**TASK DESCRIPTION:**
Leave the pictures out, and transcribe the material below exactly from the line with "(适用于Ricoh MPC3503/C3003SP/C3503)阳光旗舰版 |" to the line with "Takana Maria Pohjala", both lines included.

**MATERIAL FOR THIS TASK:**
Segment Open
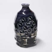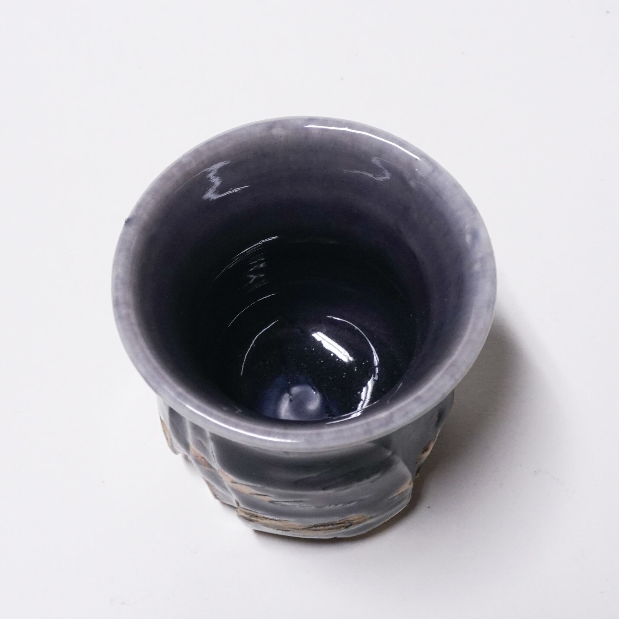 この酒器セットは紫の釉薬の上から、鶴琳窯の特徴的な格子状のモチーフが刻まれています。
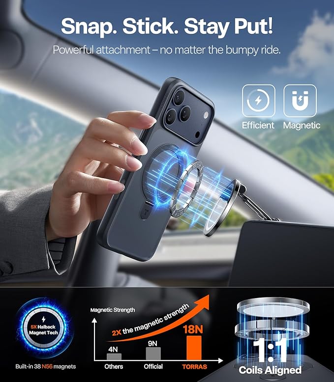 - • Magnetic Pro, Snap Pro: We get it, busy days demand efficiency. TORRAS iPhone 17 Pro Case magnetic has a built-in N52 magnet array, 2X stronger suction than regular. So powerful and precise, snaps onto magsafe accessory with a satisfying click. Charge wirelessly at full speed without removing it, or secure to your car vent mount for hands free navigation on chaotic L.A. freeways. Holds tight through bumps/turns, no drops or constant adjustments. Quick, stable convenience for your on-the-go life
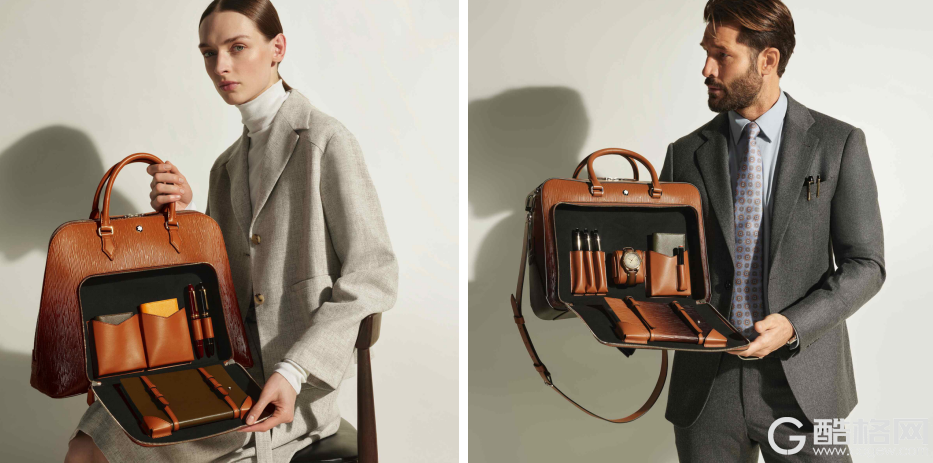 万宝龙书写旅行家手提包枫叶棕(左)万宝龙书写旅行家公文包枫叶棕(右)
Segment Closed
Segment Open
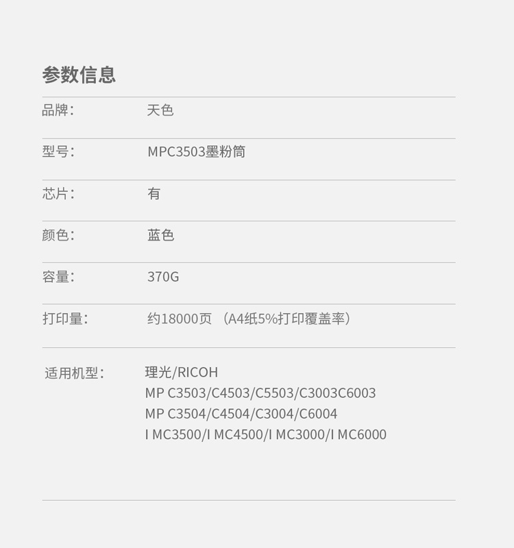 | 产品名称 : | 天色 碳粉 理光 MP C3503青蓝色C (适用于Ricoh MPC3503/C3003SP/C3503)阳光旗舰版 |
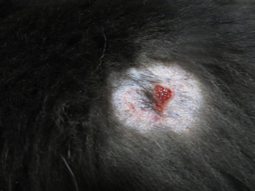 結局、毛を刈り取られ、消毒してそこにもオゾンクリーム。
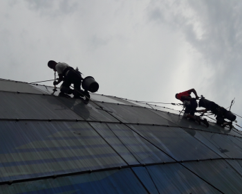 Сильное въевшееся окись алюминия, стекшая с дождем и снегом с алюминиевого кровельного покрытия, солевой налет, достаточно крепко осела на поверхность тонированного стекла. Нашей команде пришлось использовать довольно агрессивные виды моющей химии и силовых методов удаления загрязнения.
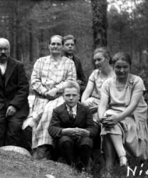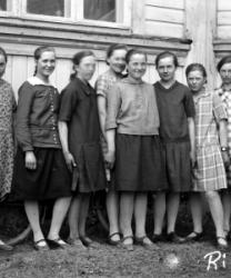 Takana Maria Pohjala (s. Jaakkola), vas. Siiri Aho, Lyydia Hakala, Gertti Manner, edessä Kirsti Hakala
Segment Closed
Segment Open
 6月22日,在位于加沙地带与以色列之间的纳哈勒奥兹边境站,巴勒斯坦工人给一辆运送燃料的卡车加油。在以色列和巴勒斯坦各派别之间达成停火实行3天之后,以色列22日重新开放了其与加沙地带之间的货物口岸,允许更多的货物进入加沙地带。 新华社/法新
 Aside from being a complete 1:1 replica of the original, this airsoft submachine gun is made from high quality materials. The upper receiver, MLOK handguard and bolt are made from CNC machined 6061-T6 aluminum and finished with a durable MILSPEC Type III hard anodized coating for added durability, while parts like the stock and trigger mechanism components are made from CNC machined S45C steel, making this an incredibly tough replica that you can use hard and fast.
Segment Closed
**TASK OUTPUT:**
 | 产品名称 : | 天色 碳粉 理光 MP C3503青蓝色C (适用于Ricoh MPC3503/C3003SP/C3503)阳光旗舰版 |
 結局、毛を刈り取られ、消毒してそこにもオゾンクリーム。
 Сильное въевшееся окись алюминия, стекшая с дождем и снегом с алюминиевого кровельного покрытия, солевой налет, достаточно крепко осела на поверхность тонированного стекла. Нашей команде пришлось использовать довольно агрессивные виды моющей химии и силовых методов удаления загрязнения.
 Takana Maria Pohjala (s. Jaakkola), vas. Siiri Aho, Lyydia Hakala, Gertti Manner, edessä Kirsti Hakala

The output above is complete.